From the plot, we can see a general upward trend, suggesting that countries with higher GDP per capita tend to have higher happiness scores. This could indicate that economic factors, represented by GDP, play a significant role in the overall well-being of a country's population.

However, there is some scatter, which implies that other factors beyond GDP may also be influencing the happiness scores. It is essential to consider additional variables such as social support, freedom to make life choices, and other aspects when analyzing happiness scores.


### Overall Conclusion

In this project, we explored the World Happiness Report dataset to visualize and analyze the relationships between various factors influencing global happiness scores. We utilized interactive components in a Streamlit app, including histograms and scatter plots, to present the data in a more accessible and engaging way.

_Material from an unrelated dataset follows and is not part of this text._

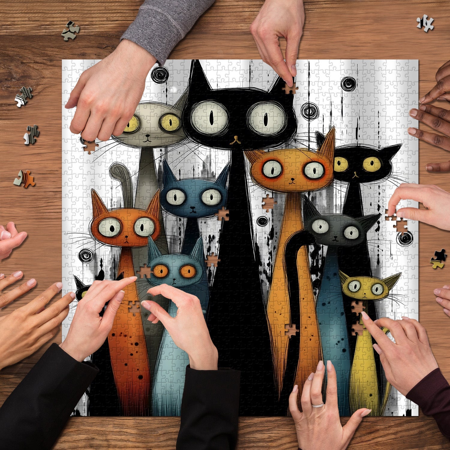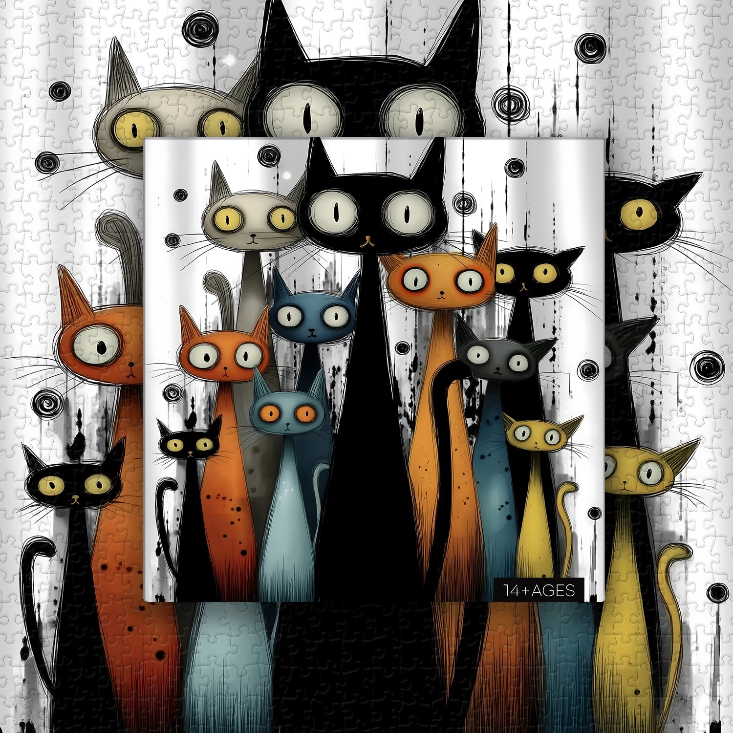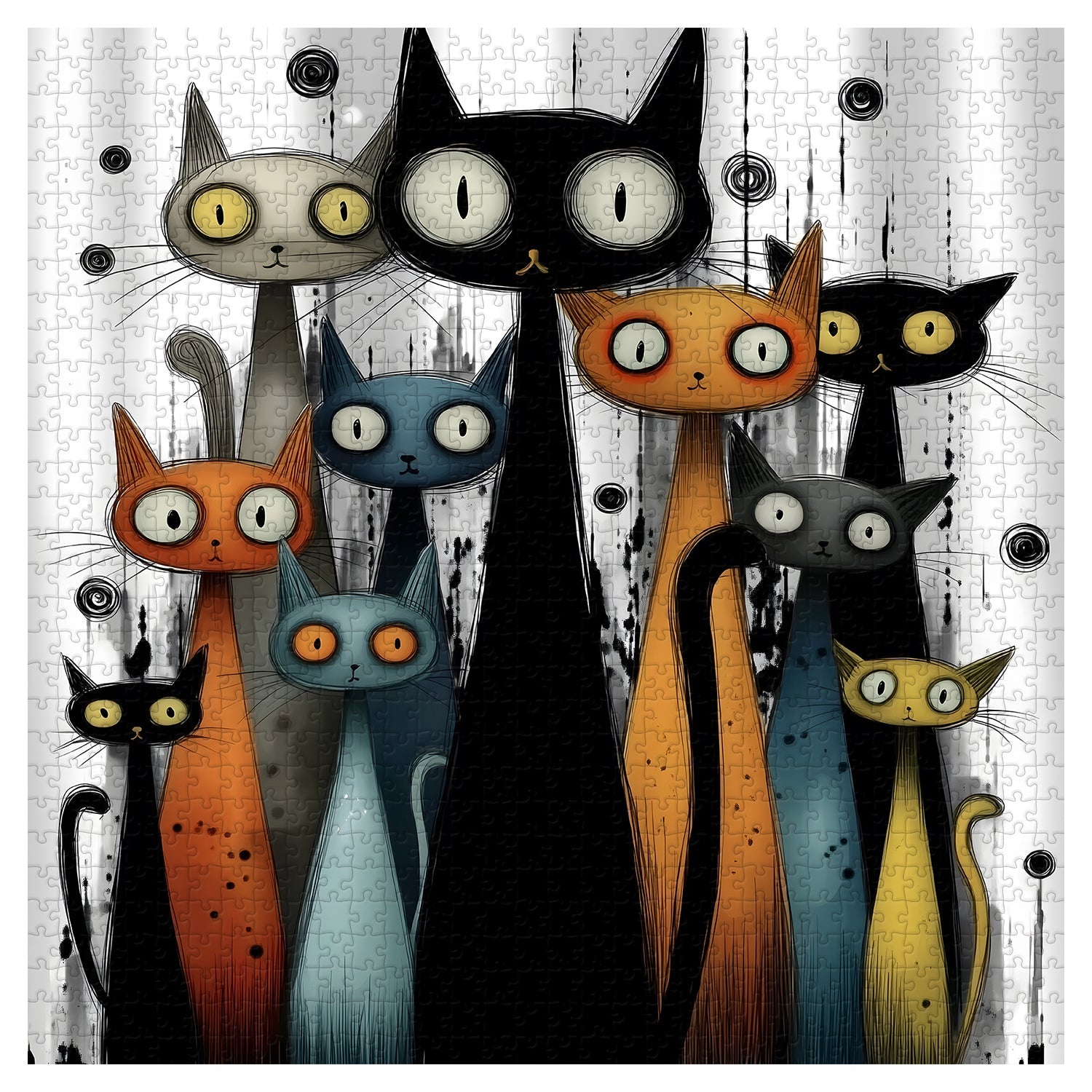 Whimsical Cat Ensemble: A group of stylized cats with exaggerated features, including large eyes and elongated bodies, forms the central subject, each with distinct colors like black, orange, blue, and gray.

- We examined the distribution of happiness scores across countries, using a histogram to show how scores are spread.
- A scatter plot was used to explore the correlation between happiness scores and other factors such as GDP, providing insights into how these variables interact.
- Additional improvements, like filtering data based on GDP and adjusting the number of histogram bins, allowed for a more customized and insightful analysis.

Through this process, we gained a deeper understanding of the key drivers of happiness across countries, with a focus on GDP, social support, and health-related factors. The app provides users with an intuitive interface to explore the dataset and derive insights from the visualizations.